The entries that follow should be repeated exactly, with no pictures kept.

Items from a data source:
>>>
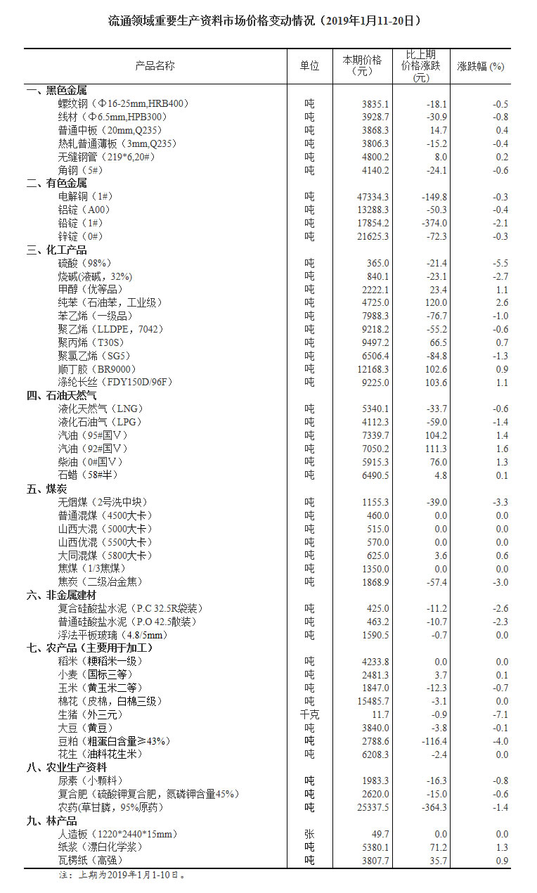 據對24個省(區、市)流通領域9大類50種重要生產資料市場價格的監測顯示,2019年1月中旬與1月上旬相比,15種產品價格上漲,26種下降,9種持平。
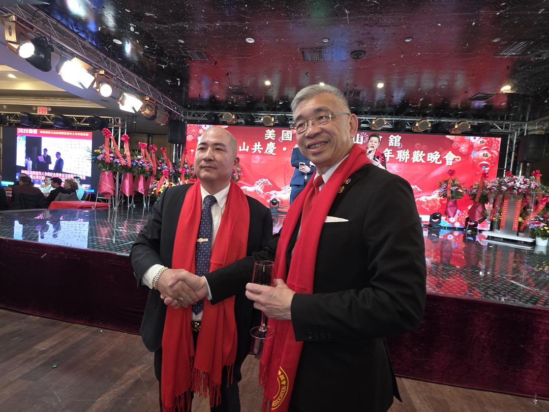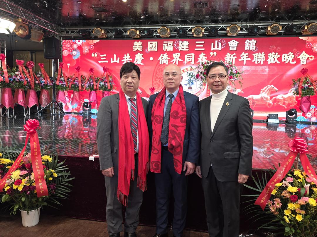 中國駐紐約總領事館領僑處主任潘焱在致辞时强调“今晚, 我受三山會館鄭振何主席的盛情邀請参加新春联欢晚会, 在这里我代表總領馆陳立總领事向侨胞们表示新春的祝福, 祝大家新春快乐,马年吉祥。回顾过去的一年, 福建三山会馆在郑振何主席的带领下取得了很多的成绩。热心服务、 并帮助受困难的乡亲,积极支持祖(籍)国和家乡的发展建设, 特别是积极组织了纪念中国人民抗日战争暨世界反法西斯战争胜利8 0周年的重大活动,我们一起迎接历史,开创未来。 非常恭喜福建三山会馆在去年購置会所, 我也很荣幸的参加了这个揭牌仪式。 大家一直在为中美关系平稳发展做出自己的贡献, 对福建三山会馆过去一年所取得的重要的成绩给予充分的肯定。 今年是马年,促使我们继往开来,一马当先,继续奋进。 在此我也祝美国福建三山会馆蒸蒸日上,也祝在座的各位新春快乐, 马到成功,马年吉祥!”
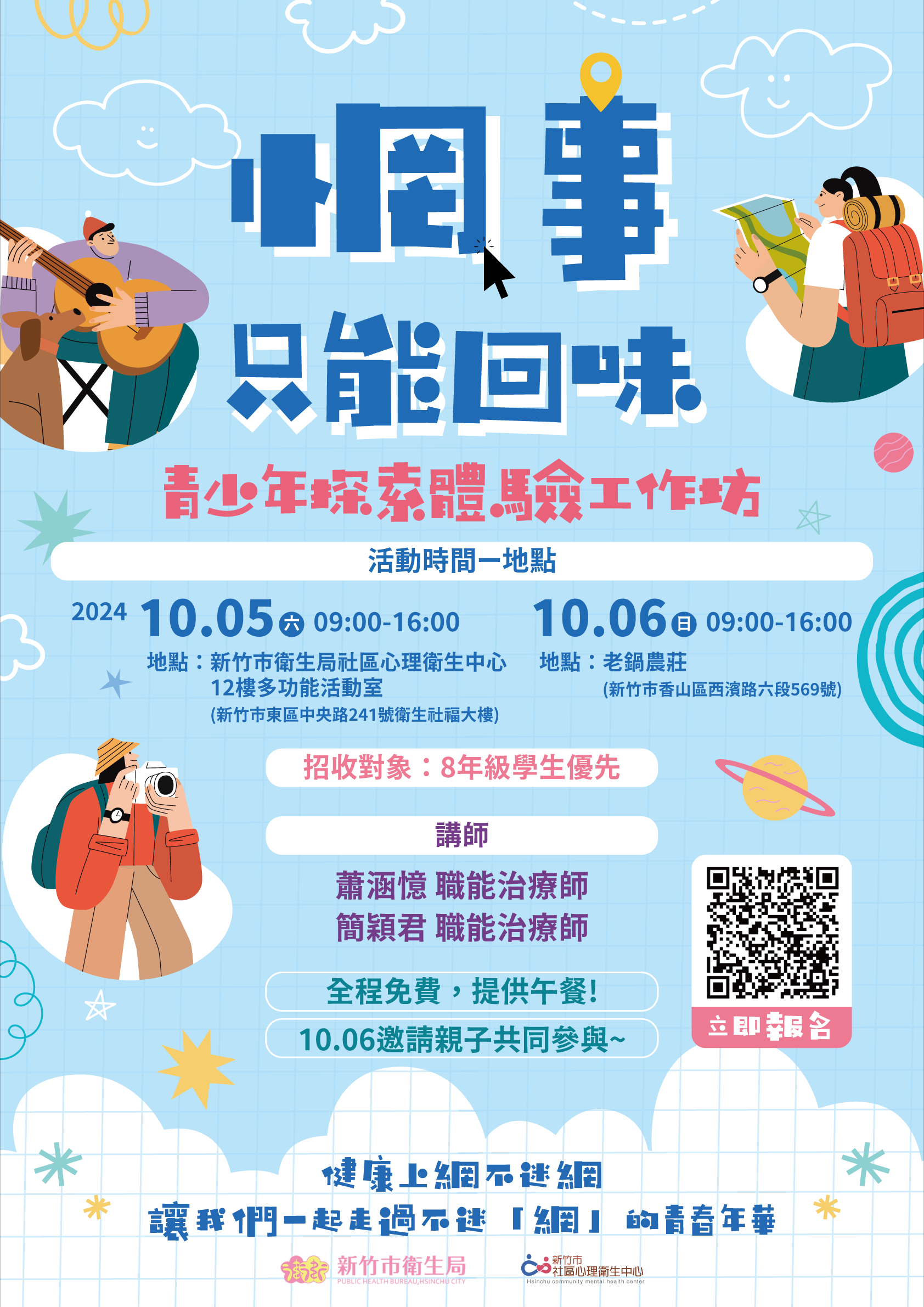 | 新竹市社區心理衛生中心辦理「惘事只能回味」-青少年探索體驗工作坊,請學校鼓勵學生報名參加,詳如說明,請查照。 |
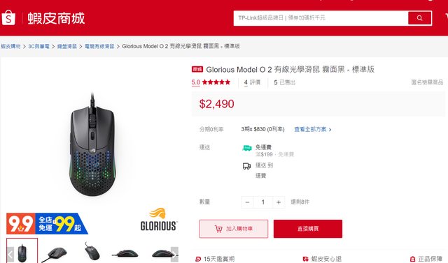 標題[賣/全台/皆可] Glorious Model O2 有線滑鼠2代
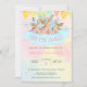 Rainbow Watercolor Rabbits Girl Baby Shower Invitation
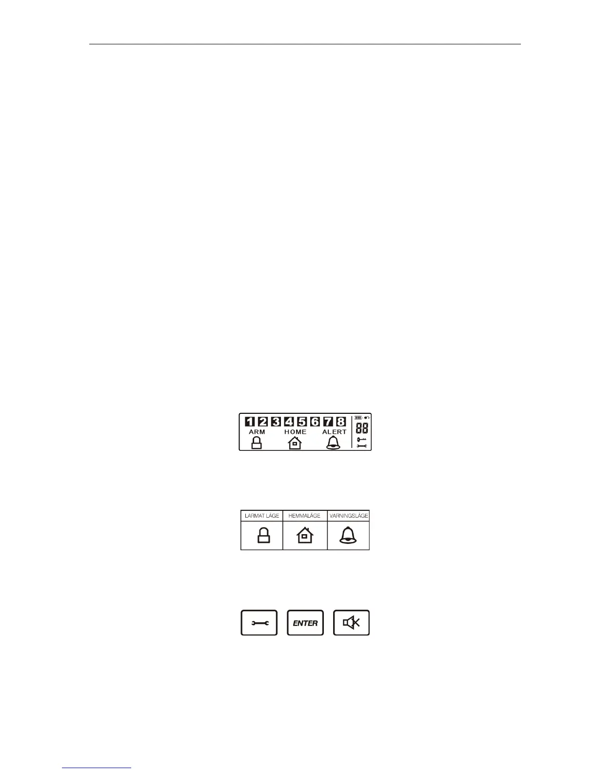ARM (LARMAT LÄGE) HOME (HEMMALÄGE) ALERT (VARNINGSLÄGE)
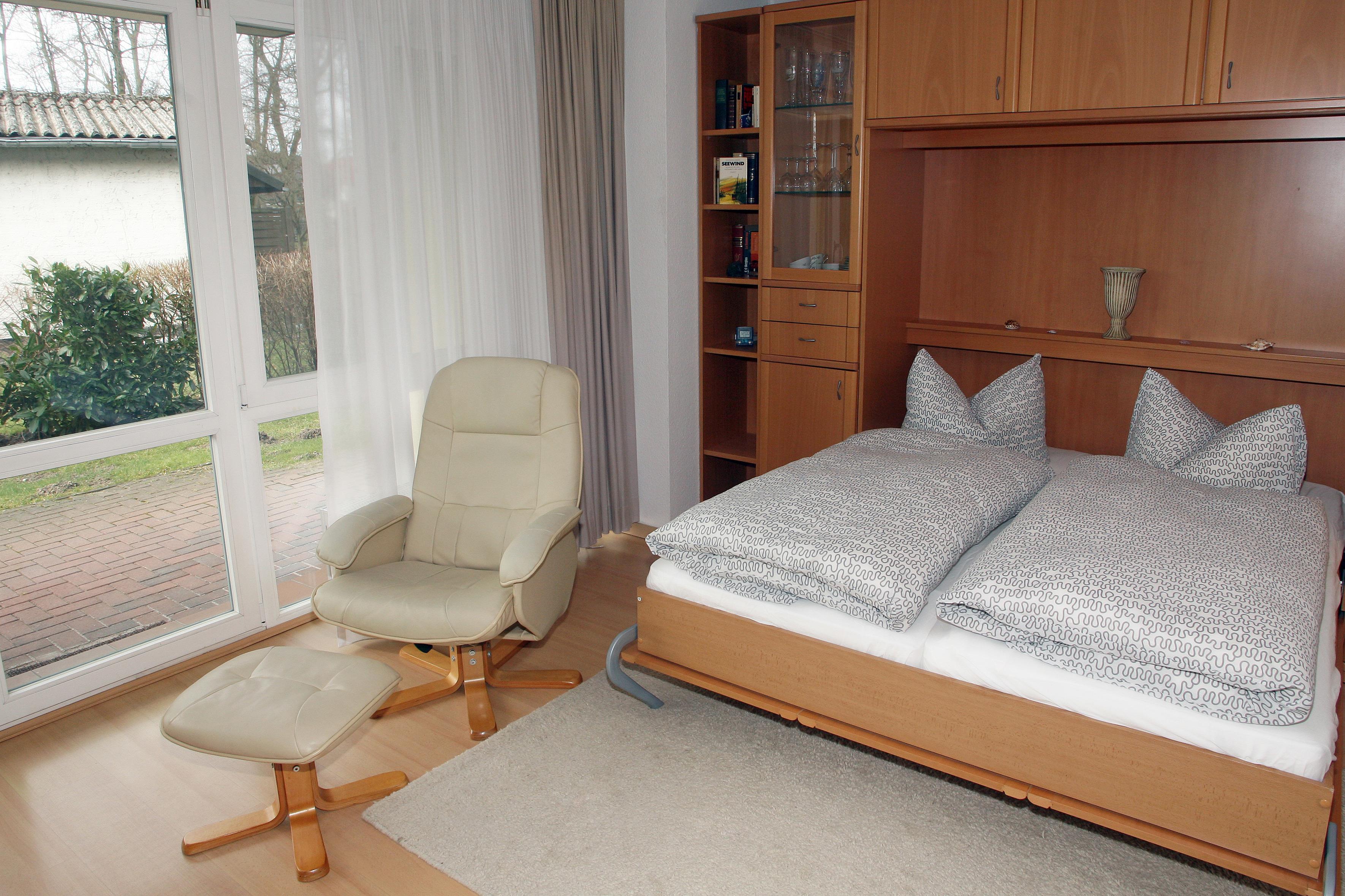Es ist ausgestattet mit einem Doppelbett, einem Sofa, SAT - TV, einer Küchenzeile und einem Bad mit Badewanne und WC.
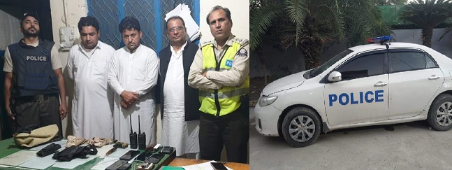 تفصیل کے مطابق پٹرولنگ پوسٹ ساہووالہ پوسٹ انچارج SI محمد یوسف معہ ملازمان کے مطابق دوران گشت و ناکہ بندی انہوں نے پل نہر موترہ ایک مشکوک کار کرولا نمبری CH 3164 جس پر دونوں طرف پولیس لکھا ہوا تھا جسکے ساتھ ایک VIGO ڈالا بھی تھا جنکو روکنے کی کوشش کی جو فرار ہو گئے
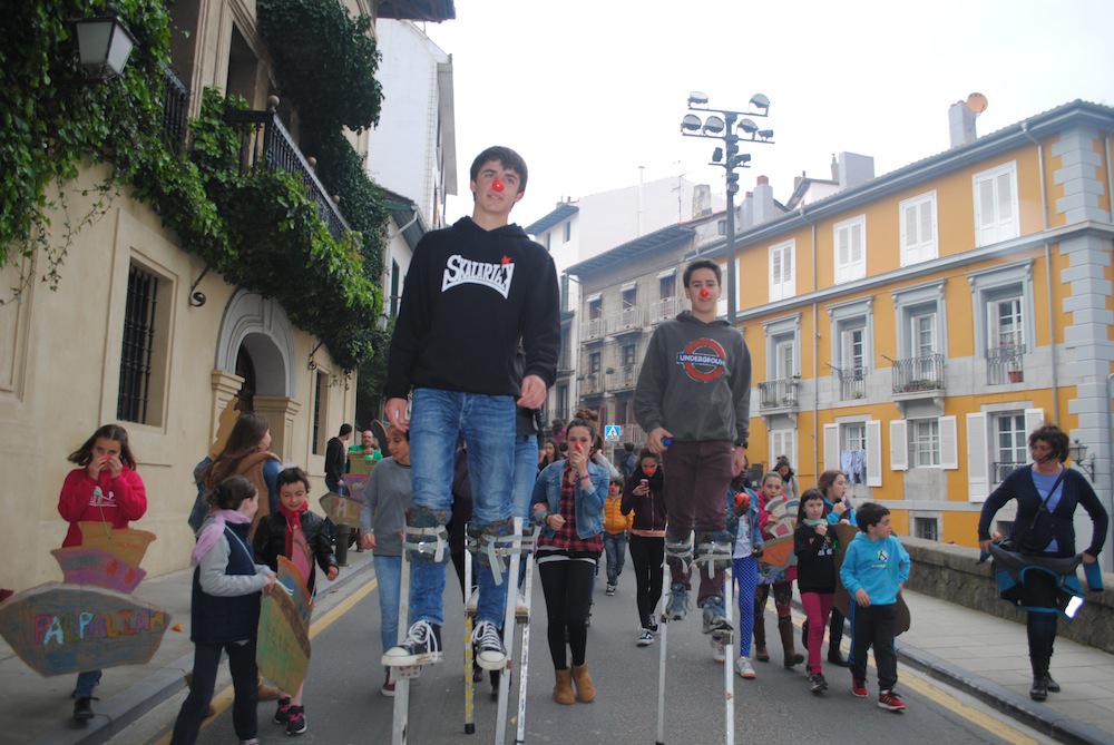 Eskolapetik eta Gazte gunerako bidea jai bihurtu zen joan den zapatuan. Hankapalo, trikitixa, bapore, parakaidas eta bengalen ke eta argiaz girotuta kalejira egin zuten 110 haur, gazte, guraso eta herritarrek
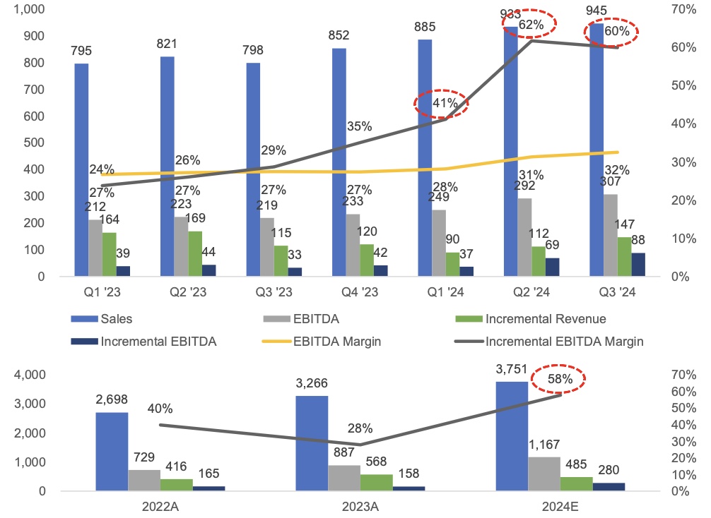 - Incremental margins have increased steadily over the past year, and assuming consensus margins in Q4, would generated EBITDA margins of ~58% for 2024E
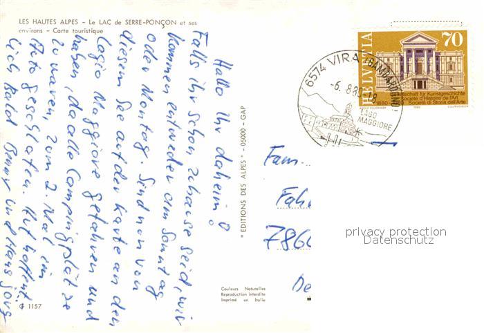 12861799 carte postale Lac de Serre Poncon Landkarte Panorama Talsperre postalisch gelaufen Erhaltung siehe scans [AndreD76] KatCode: 11170005205166
<<<
Task result |
 據對24個省(區、市)流通領域9大類50種重要生產資料市場價格的監測顯示,2019年1月中旬與1月上旬相比,15種產品價格上漲,26種下降,9種持平。
 中國駐紐約總領事館領僑處主任潘焱在致辞时强调“今晚, 我受三山會館鄭振何主席的盛情邀請参加新春联欢晚会, 在这里我代表總領馆陳立總领事向侨胞们表示新春的祝福, 祝大家新春快乐,马年吉祥。回顾过去的一年, 福建三山会馆在郑振何主席的带领下取得了很多的成绩。热心服务、 并帮助受困难的乡亲,积极支持祖(籍)国和家乡的发展建设, 特别是积极组织了纪念中国人民抗日战争暨世界反法西斯战争胜利8 0周年的重大活动,我们一起迎接历史,开创未来。 非常恭喜福建三山会馆在去年購置会所, 我也很荣幸的参加了这个揭牌仪式。 大家一直在为中美关系平稳发展做出自己的贡献, 对福建三山会馆过去一年所取得的重要的成绩给予充分的肯定。 今年是马年,促使我们继往开来,一马当先,继续奋进。 在此我也祝美国福建三山会馆蒸蒸日上,也祝在座的各位新春快乐, 马到成功,马年吉祥!”
 | 新竹市社區心理衛生中心辦理「惘事只能回味」-青少年探索體驗工作坊,請學校鼓勵學生報名參加,詳如說明,請查照。 |
 標題[賣/全台/皆可] Glorious Model O2 有線滑鼠2代
 Rainbow Watercolor Rabbits Girl Baby Shower Invitation
ARM (LARMAT LÄGE) HOME (HEMMALÄGE) ALERT (VARNINGSLÄGE)
Es ist ausgestattet mit einem Doppelbett, einem Sofa, SAT - TV, einer Küchenzeile und einem Bad mit Badewanne und WC.
 تفصیل کے مطابق پٹرولنگ پوسٹ ساہووالہ پوسٹ انچارج SI محمد یوسف معہ ملازمان کے مطابق دوران گشت و ناکہ بندی انہوں نے پل نہر موترہ ایک مشکوک کار کرولا نمبری CH 3164 جس پر دونوں طرف پولیس لکھا ہوا تھا جسکے ساتھ ایک VIGO ڈالا بھی تھا جنکو روکنے کی کوشش کی جو فرار ہو گئے
 Eskolapetik eta Gazte gunerako bidea jai bihurtu zen joan den zapatuan. Hankapalo, trikitixa, bapore, parakaidas eta bengalen ke eta argiaz girotuta kalejira egin zuten 110 haur, gazte, guraso eta herritarrek
 - Incremental margins have increased steadily over the past year, and assuming consensus margins in Q4, would generated EBITDA margins of ~58% for 2024E
 12861799 carte postale Lac de Serre Poncon Landkarte Panorama Talsperre postalisch gelaufen Erhaltung siehe scans [AndreD76] KatCode: 11170005205166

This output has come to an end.